By now, many of us know that AI-powered virtual assistants like OpenAI’s ChatGPT and Google’s Bard can pull off sensational stunts, like winning coding contests, passing bar exams, and professing love to a tech columnist.
But I was wondering: How useful are bots, really, as actual assistants?
It’s worth asking because our first roundup with virtual assistants didn’t go so well. Older AI bots like Apple’s Siri and Amazon’s Alexa had more than a decade to improve, but they ended up stagnating and are now mainly used to set timers and play music.
ChatGPT and Bard, on the other hand, use so-called big language models that recognize and generate text based on huge data sets pulled from the web. They are trained to compose sentences on the fly just like humans, potentially making them much more versatile as assistants.
To test that theory, I came up with a list of tasks people might ask a human assistant to do. I urged friends who have been executive assistants and startup founders to work with professional assistants, and read executive assistant job postings on LinkedIn.

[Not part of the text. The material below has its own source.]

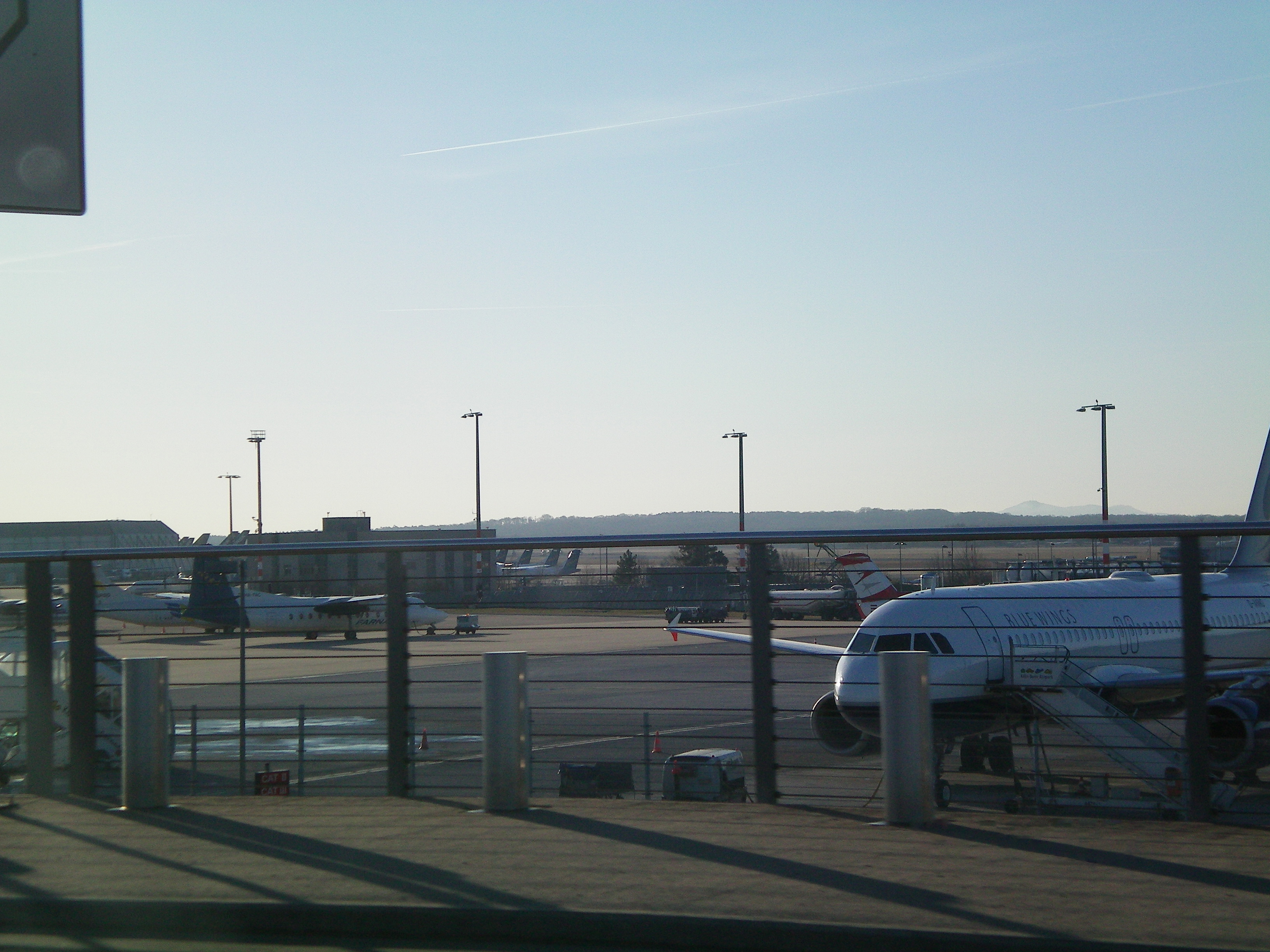 Cologne Bonn Airport Parking
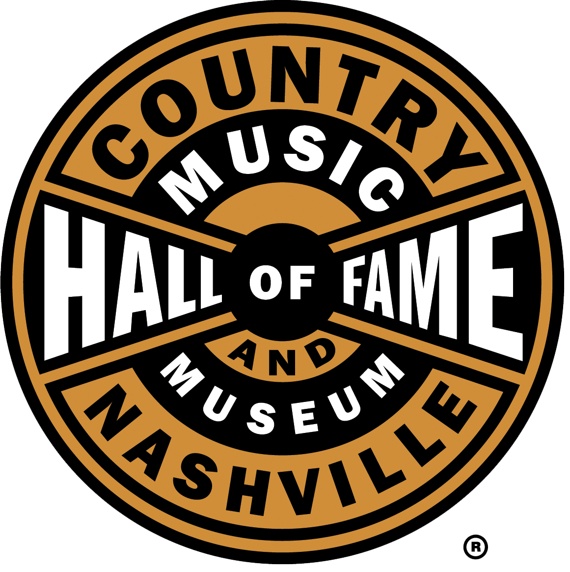 The Country Music Hall of Fame and Museum logo

I then rounded up the four most common responsibilities of an executive assistant, which seemed to be:
-
helping with meeting preparations Investigating and checking the professional background of the person with whom an executive is going to meet.
-
Summing up meetings and annotate notes in a neat, easy-to-scan format.
-
Business travel planning and compile detailed travel itineraries.
-
management of an executive calendarincluding meeting booking and rescheduling.
Finally, I turned to ChatGPT and Bard and told the chatbots to assume I was the CEO of an AI startup with a lazy name, Artificial Intelligence, and that they were my executive assistants. I asked them to help with each of these tasks.
My experiment illustrated how far Bard is from ChatGPT. But more importantly, the chatbots managed to carry out most of the tasks, albeit imperfectly.
That raised the question of whether chatbots could eventually automate the roles of human executive assistants, as well as other white-collar jobs that involve white-collar work, including front-desk workers and bookkeeping professionals, a troubling thought with no clear answers.
This is what happened with AI helpers.
meeting preparation
I started by telling ChatGPT and Bard that I would be meeting with a potential investor next week. I randomly chose Scott Forstall, a well-known former Apple executive whose employment history is publicly available on the web. I then asked the bots to do a background check on him and help collect talking points to persuade him to invest in my startup.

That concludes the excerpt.